> _Task instructions_:
This exercise calls for every record to be returned exactly, with pictures removed.

> _Provided information_:

[Start of Attachment]

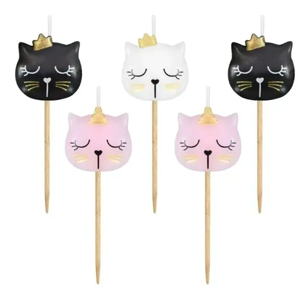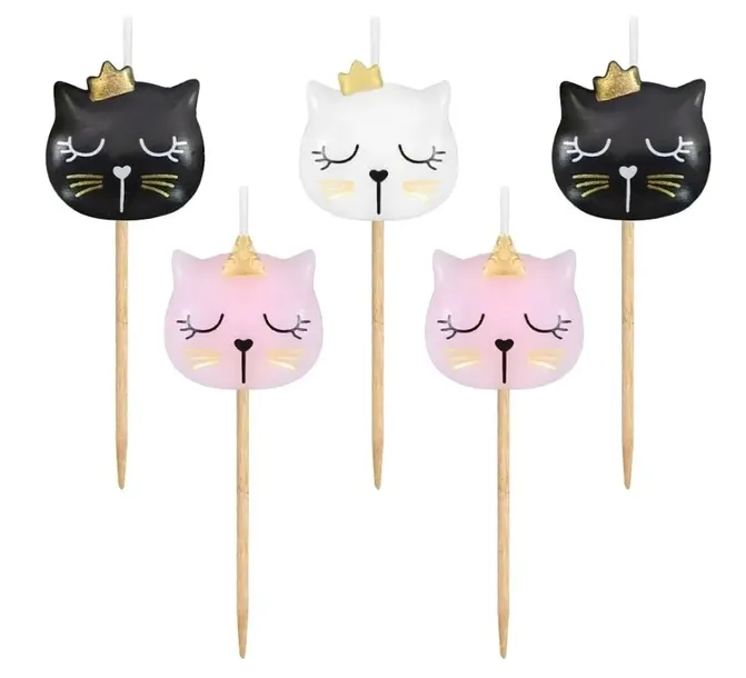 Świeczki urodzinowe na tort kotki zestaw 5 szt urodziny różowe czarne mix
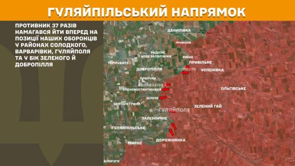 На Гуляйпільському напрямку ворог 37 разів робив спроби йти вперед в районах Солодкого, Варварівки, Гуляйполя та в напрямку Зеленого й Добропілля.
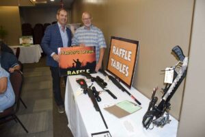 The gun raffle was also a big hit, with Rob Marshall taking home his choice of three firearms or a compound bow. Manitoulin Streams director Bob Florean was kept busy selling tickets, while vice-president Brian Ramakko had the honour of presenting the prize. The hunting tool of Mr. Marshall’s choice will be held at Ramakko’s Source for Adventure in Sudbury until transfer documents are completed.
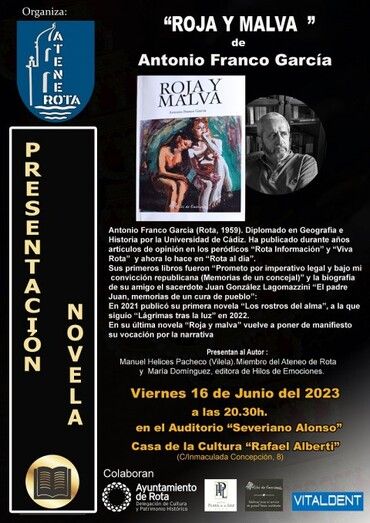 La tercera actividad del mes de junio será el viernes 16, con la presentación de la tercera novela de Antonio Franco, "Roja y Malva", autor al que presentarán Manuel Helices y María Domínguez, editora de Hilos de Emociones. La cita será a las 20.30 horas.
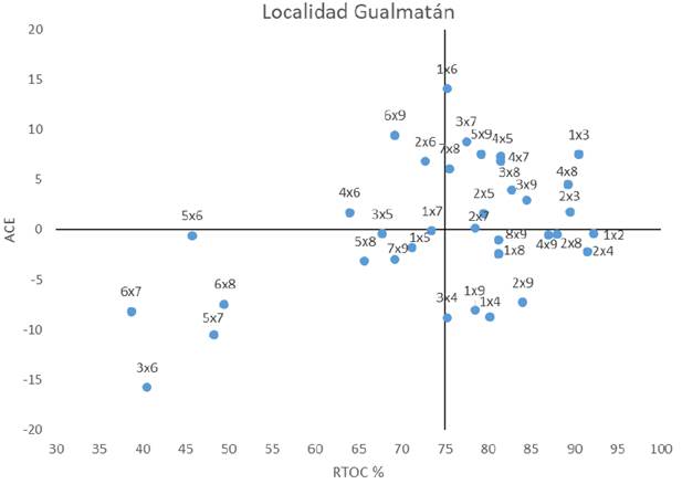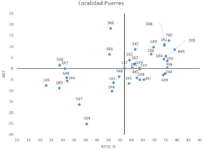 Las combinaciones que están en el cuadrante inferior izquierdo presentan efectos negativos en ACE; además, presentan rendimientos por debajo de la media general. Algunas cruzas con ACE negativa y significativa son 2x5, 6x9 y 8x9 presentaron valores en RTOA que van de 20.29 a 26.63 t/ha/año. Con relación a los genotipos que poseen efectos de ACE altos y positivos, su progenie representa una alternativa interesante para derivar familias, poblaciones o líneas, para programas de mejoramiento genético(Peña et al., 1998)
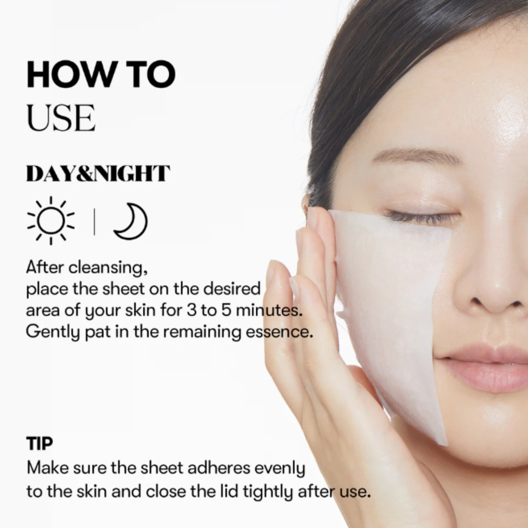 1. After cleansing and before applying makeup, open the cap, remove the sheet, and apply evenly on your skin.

[End of Attachment]

> _Finished task_:
 Świeczki urodzinowe na tort kotki zestaw 5 szt urodziny różowe czarne mix
 На Гуляйпільському напрямку ворог 37 разів робив спроби йти вперед в районах Солодкого, Варварівки, Гуляйполя та в напрямку Зеленого й Добропілля.
 The gun raffle was also a big hit, with Rob Marshall taking home his choice of three firearms or a compound bow. Manitoulin Streams director Bob Florean was kept busy selling tickets, while vice-president Brian Ramakko had the honour of presenting the prize. The hunting tool of Mr. Marshall’s choice will be held at Ramakko’s Source for Adventure in Sudbury until transfer documents are completed.
 La tercera actividad del mes de junio será el viernes 16, con la presentación de la tercera novela de Antonio Franco, "Roja y Malva", autor al que presentarán Manuel Helices y María Domínguez, editora de Hilos de Emociones. La cita será a las 20.30 horas.
 Las combinaciones que están en el cuadrante inferior izquierdo presentan efectos negativos en ACE; además, presentan rendimientos por debajo de la media general. Algunas cruzas con ACE negativa y significativa son 2x5, 6x9 y 8x9 presentaron valores en RTOA que van de 20.29 a 26.63 t/ha/año. Con relación a los genotipos que poseen efectos de ACE altos y positivos, su progenie representa una alternativa interesante para derivar familias, poblaciones o líneas, para programas de mejoramiento genético(Peña et al., 1998)
 1. After cleansing and before applying makeup, open the cap, remove the sheet, and apply evenly on your skin.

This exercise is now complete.